> _TASK STATEMENT_: Write out again the lines from the line with "B)Set da 1200" up to and including the line with "Cotton Candy Turquoise", exactly as they stand below, and skip any picture.

> _DATA SHOWN_:
===============

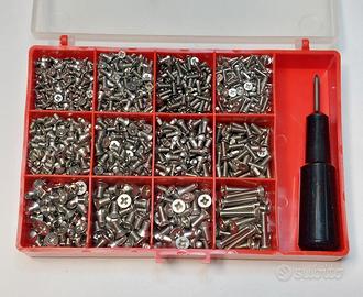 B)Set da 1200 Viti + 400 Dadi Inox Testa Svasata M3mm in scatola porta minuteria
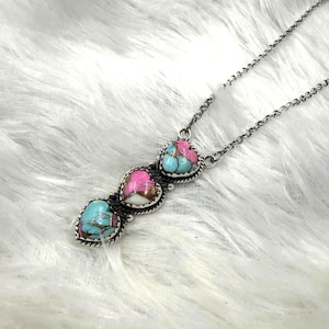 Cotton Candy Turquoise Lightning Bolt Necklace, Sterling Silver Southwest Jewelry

===============

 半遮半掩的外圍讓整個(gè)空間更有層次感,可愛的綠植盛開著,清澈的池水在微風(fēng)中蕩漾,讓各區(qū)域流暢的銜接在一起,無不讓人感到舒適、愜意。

===============

> _WORKED SOLUTION_:
 B)Set da 1200 Viti + 400 Dadi Inox Testa Svasata M3mm in scatola porta minuteria
 Cotton Candy Turquoise Lightning Bolt Necklace, Sterling Silver Southwest Jewelry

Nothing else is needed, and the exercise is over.